Collected data
● ● ● ● ● ● ●

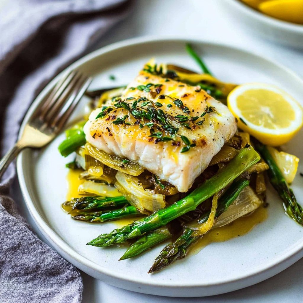 Delicious Baked Cod with Asparagus, Lemon & Leeks Recipe
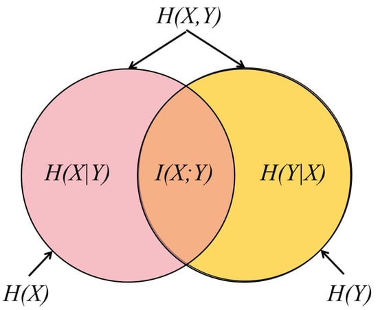 Figure 6. The relationship between information entropy, joint entropy, conditional entropy, and mutual information.Assuming X and Y are two correlated random events, their information entropy is and , respectively. Then, their joint entropy iswhere represents the sub event that belongs to . represents the sub event that belongs to and belongs to at the same time. Thus the conditional entropy is defined asIn [44], “mean conditional entropy” is proposed, which is actually an improved form of conditional entropy. The fault is diagnosed by extracting the conditional entropy between the two-phase currents of the inverter. Compared to information entropy, conditional entropy reflects the relationship between two phases and is a very effective measure of symmetry between phases. - Mutual information. As is shown in Figure 6, mutual information is a kind of entropy, which defines the degree of dependence between two almost random variables. It can be regarded as the amount of information about another random variable contained within a random variable, or in other words, the reduced uncertainty of a random variable due to the knowledge of another random variable. For two discrete random variables X and Y, their mutual information isBy analyzing the properties of conditional probability and combining Equations (19)–(22), it can be concluded thatIn [45], the mutual information between the phase currents was extracted, and then it was used as a feature dataset to train the classifier. This method achieves an effective diagnosis of motor bearing faults through mutual information of motor current signals, which is highly innovative and practical. One reason for the good performance of this study is that the motor itself and the inverter are both symmetrical structures, and both mechanical and electrical faults can cause symmetry to be disrupted. Mutual information effectively measures the symmetry of the system.
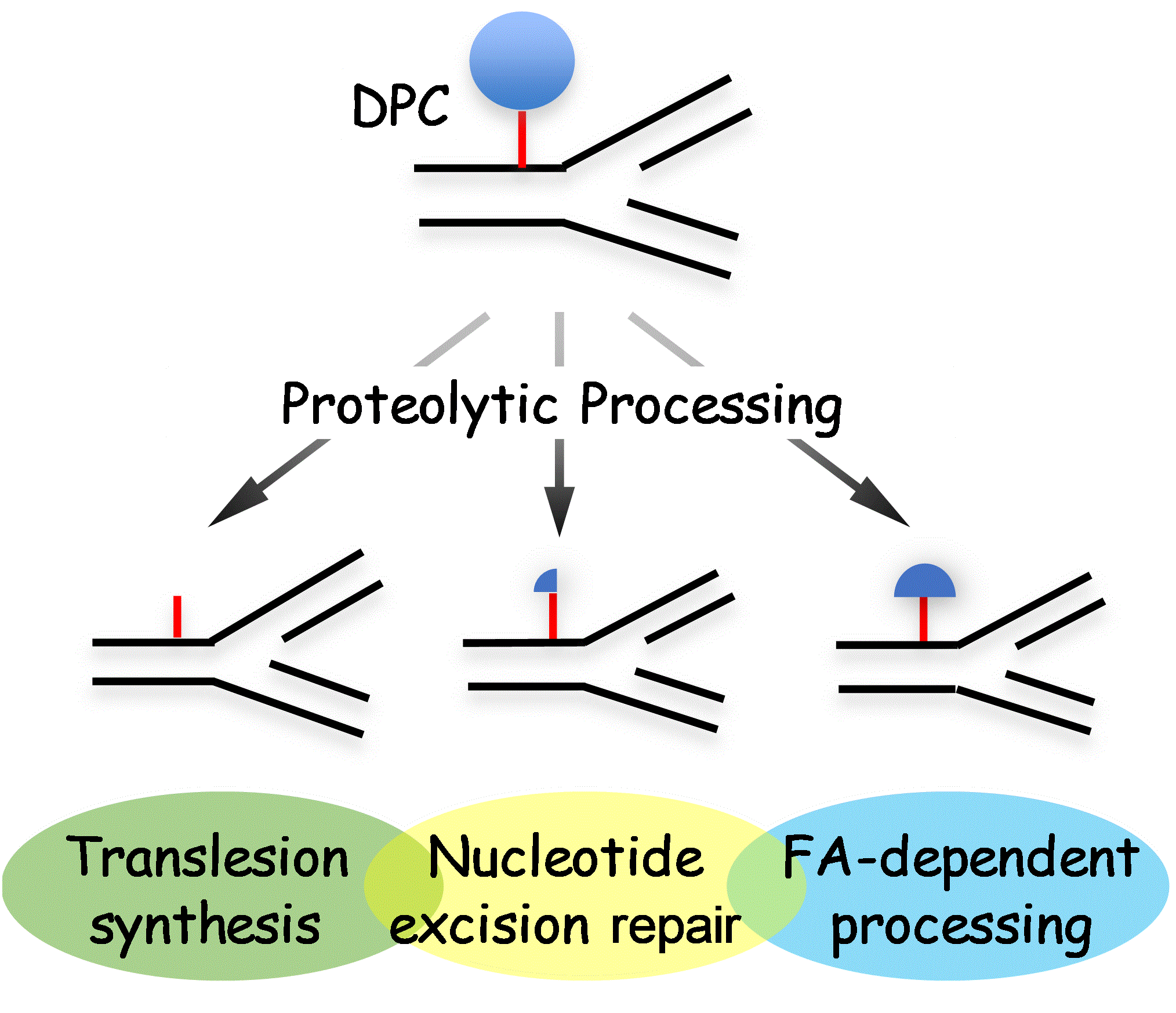 其他类型的DNA损伤相比,DPC的特征是蛋白质加合体的庞大性。导致蛋白因子功能在DPC损伤识别和修复过程中面临严重的空间阻碍。在细胞中,这一阻碍可以通过蛋白酶体或蛋白酶降解来减小蛋白加合物体积,将DPC上的蛋白转化为短肽加合物。短肽-DNA交联可能是NER(核酸剪切修复)通路的底物,也可由跨损伤DNA合成的途径保证DNA复制的连续性。另一方面,较大的蛋白酶解中间体,例如三级结构仍然保持的蛋白酶解中间产物,依旧对DNA转录及复制形成较强的阻碍,需要FA通路来清除。我们的工作将以DPC形成和修复机制作为主要目标之一.

● ● ● ● ● ● ●

Assignment
Omitting all images, print the listing exactly.

Expected output
 Delicious Baked Cod with Asparagus, Lemon & Leeks Recipe
 Figure 6. The relationship between information entropy, joint entropy, conditional entropy, and mutual information.Assuming X and Y are two correlated random events, their information entropy is and , respectively. Then, their joint entropy iswhere represents the sub event that belongs to . represents the sub event that belongs to and belongs to at the same time. Thus the conditional entropy is defined asIn [44], “mean conditional entropy” is proposed, which is actually an improved form of conditional entropy. The fault is diagnosed by extracting the conditional entropy between the two-phase currents of the inverter. Compared to information entropy, conditional entropy reflects the relationship between two phases and is a very effective measure of symmetry between phases. - Mutual information. As is shown in Figure 6, mutual information is a kind of entropy, which defines the degree of dependence between two almost random variables. It can be regarded as the amount of information about another random variable contained within a random variable, or in other words, the reduced uncertainty of a random variable due to the knowledge of another random variable. For two discrete random variables X and Y, their mutual information isBy analyzing the properties of conditional probability and combining Equations (19)–(22), it can be concluded thatIn [45], the mutual information between the phase currents was extracted, and then it was used as a feature dataset to train the classifier. This method achieves an effective diagnosis of motor bearing faults through mutual information of motor current signals, which is highly innovative and practical. One reason for the good performance of this study is that the motor itself and the inverter are both symmetrical structures, and both mechanical and electrical faults can cause symmetry to be disrupted. Mutual information effectively measures the symmetry of the system.
 其他类型的DNA损伤相比,DPC的特征是蛋白质加合体的庞大性。导致蛋白因子功能在DPC损伤识别和修复过程中面临严重的空间阻碍。在细胞中,这一阻碍可以通过蛋白酶体或蛋白酶降解来减小蛋白加合物体积,将DPC上的蛋白转化为短肽加合物。短肽-DNA交联可能是NER(核酸剪切修复)通路的底物,也可由跨损伤DNA合成的途径保证DNA复制的连续性。另一方面,较大的蛋白酶解中间体,例如三级结构仍然保持的蛋白酶解中间产物,依旧对DNA转录及复制形成较强的阻碍,需要FA通路来清除。我们的工作将以DPC形成和修复机制作为主要目标之一.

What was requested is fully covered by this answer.